The Arizona Revised Statutes have been updated to include the revised sections from the 56th Legislature, 1st Regular Session. Please note that the next update of this compilation will not take place until after the conclusion of the 56th Legislature, 2nd Regular Session, which convenes in January 2024.
This online version of the Arizona Revised Statutes is primarily maintained for legislative drafting purposes and reflects the version of law that is effective on January 1st of the year following the most recent legislative session. The official version of the Arizona Revised Statutes is published by Thomson Reuters.
29-3805. Special litigation committee
A. If a limited liability company is named as or made a party in a derivative proceeding, the company may appoint a special litigation committee to investigate the claims asserted in the proceeding and determine whether pursuing the action is in the best interests of the company.

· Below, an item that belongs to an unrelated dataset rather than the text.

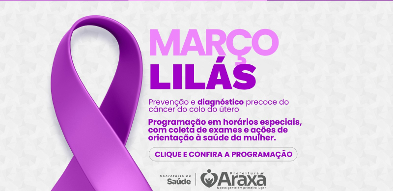 O mês de março é marcado pela campanha Março Lilás, que tem como objetivo sensibilizar as mulheres sobre a importância da prevenção e do diagnóstico precoce do câncer do colo do útero. Em Araxá, a Secretaria Municipal de Saúde intensifica as orientações e também promove ações e atendimentos especiais nas Estratégias de Saúde da Família (ESFs) ao longo do mês.

If the company appoints a special litigation committee, on motion by the committee made in the name of the company, except for good cause shown, the court shall stay the derivative proceeding for the time reasonably necessary to permit the committee to make its investigation, make a determination under subsection D of this section and file with the court a statement of its determination and supporting report under subsection E of this section. This subsection does not prevent the court from either of the following:
1. Enforcing a person's right to information under section 29-3410.
2. Granting extraordinary relief in the form of a temporary restraining order or preliminary injunction.
B. A special litigation committee must be composed of one or more disinterested and independent individuals who may be members.
C. A special litigation committee may be appointed:
1. In a member-managed limited liability company, by either of the following:
(a) The affirmative vote or consent of a majority in interest of the members that are not named as parties in the proceeding.
(b) If all members are named as parties in the proceeding, a majority in interest of the members that are named as defendants.
2. In a manager-managed limited liability company, by either of the following:
(a) A majority of the managers that are not named as parties in the proceeding.
(b) If all managers are named as parties in the proceeding, a majority of the managers that are named as defendants.
D. After appropriate investigation, a special litigation committee may determine that it is in the best interests of the limited liability company that the proceeding:
1. Continue under the control of the plaintiff.
2. Continue under the control of the committee.
3. Be settled on terms approved by the committee.
4. Be dismissed.
E. After making a determination under subsection D of this section, a special litigation committee shall file with the court a statement of its determination and its report supporting its determination and shall serve each party with a copy of the determination and report. The court shall determine whether the members of the committee were disinterested and independent and whether the committee conducted its investigation and made its recommendation in good faith, independently and with reasonable care, with the committee having the burden of proof. If the court finds that the members of the committee were disinterested and independent and that the committee acted in good faith, independently and with reasonable care, the court shall enforce the determination of the committee. Otherwise, the court shall dissolve the stay of the derivative proceeding entered under subsection A of this section and allow the action to continue under the control of the plaintiff.